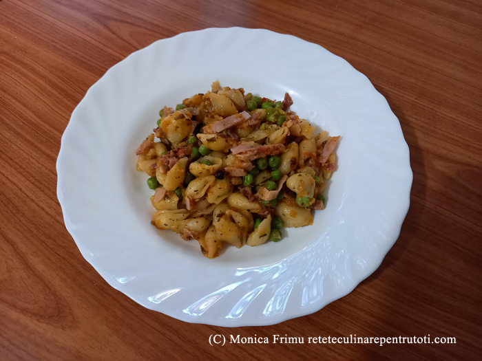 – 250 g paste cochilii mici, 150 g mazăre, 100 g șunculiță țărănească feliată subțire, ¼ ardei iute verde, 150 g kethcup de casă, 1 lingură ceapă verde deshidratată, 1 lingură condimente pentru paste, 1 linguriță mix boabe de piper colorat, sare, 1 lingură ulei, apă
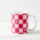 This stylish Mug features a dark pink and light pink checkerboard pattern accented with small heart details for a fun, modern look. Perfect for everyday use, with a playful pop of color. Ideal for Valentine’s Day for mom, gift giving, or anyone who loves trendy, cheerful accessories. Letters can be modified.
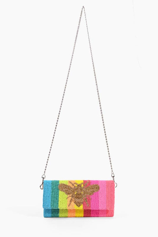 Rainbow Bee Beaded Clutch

==

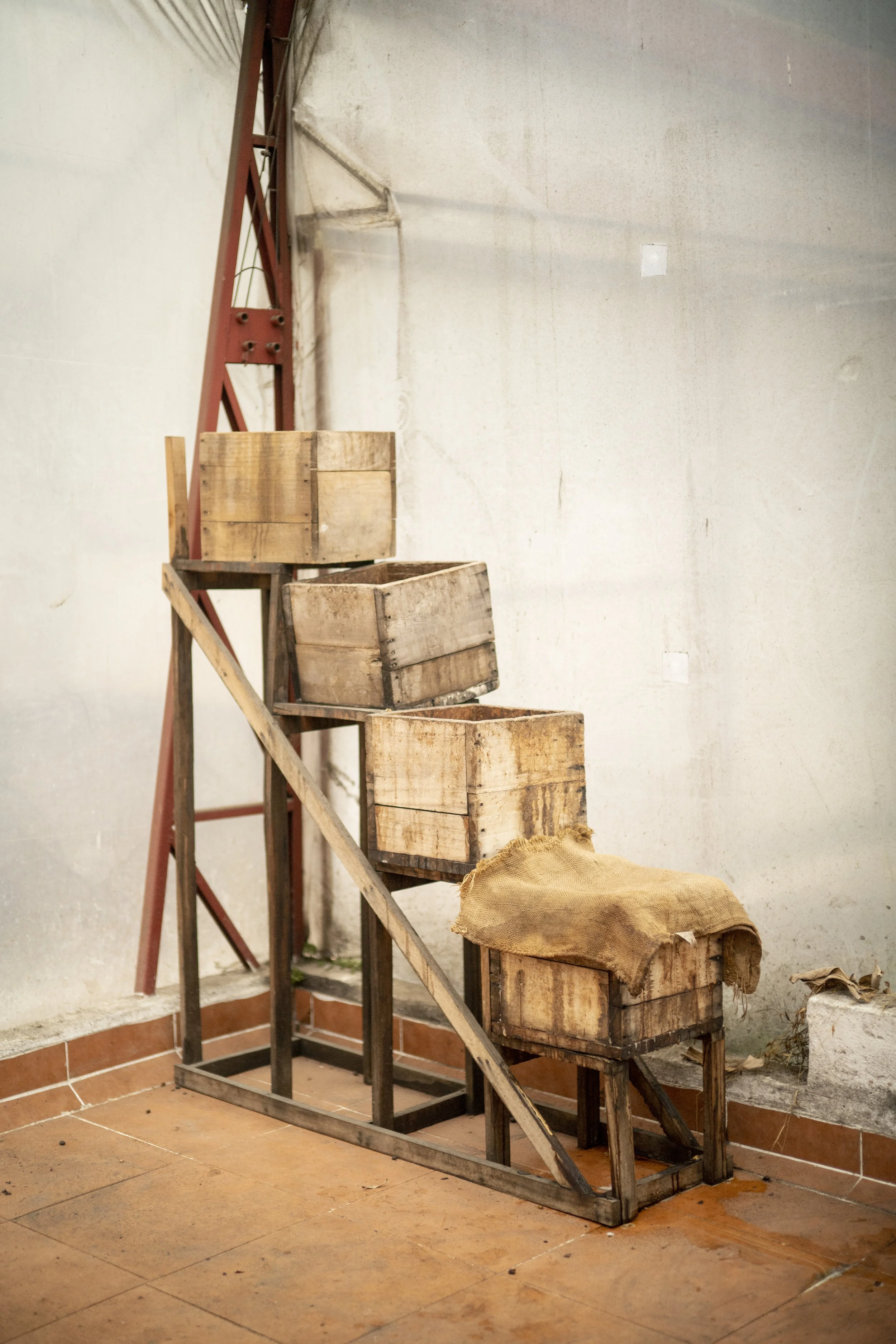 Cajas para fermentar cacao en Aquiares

...

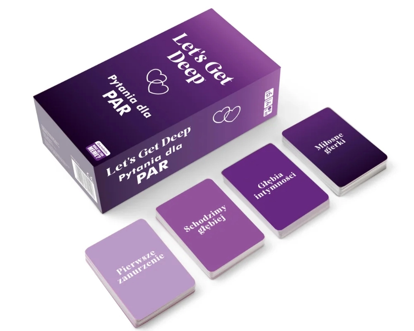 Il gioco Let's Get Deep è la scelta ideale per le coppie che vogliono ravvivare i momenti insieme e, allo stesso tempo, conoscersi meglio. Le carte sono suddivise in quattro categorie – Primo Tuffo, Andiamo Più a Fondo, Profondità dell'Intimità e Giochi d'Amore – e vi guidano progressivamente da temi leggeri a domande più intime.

Task objective »
Repeat exactly the lines above, beginning at the one containing "lingură ulei, apă" and ending at the one containing "Rainbow Bee Beaded Clutch". Do not carry over any pictures.

Answer for the task »
 – 250 g paste cochilii mici, 150 g mazăre, 100 g șunculiță țărănească feliată subțire, ¼ ardei iute verde, 150 g kethcup de casă, 1 lingură ceapă verde deshidratată, 1 lingură condimente pentru paste, 1 linguriță mix boabe de piper colorat, sare, 1 lingură ulei, apă
 This stylish Mug features a dark pink and light pink checkerboard pattern accented with small heart details for a fun, modern look. Perfect for everyday use, with a playful pop of color. Ideal for Valentine’s Day for mom, gift giving, or anyone who loves trendy, cheerful accessories. Letters can be modified.
 Rainbow Bee Beaded Clutch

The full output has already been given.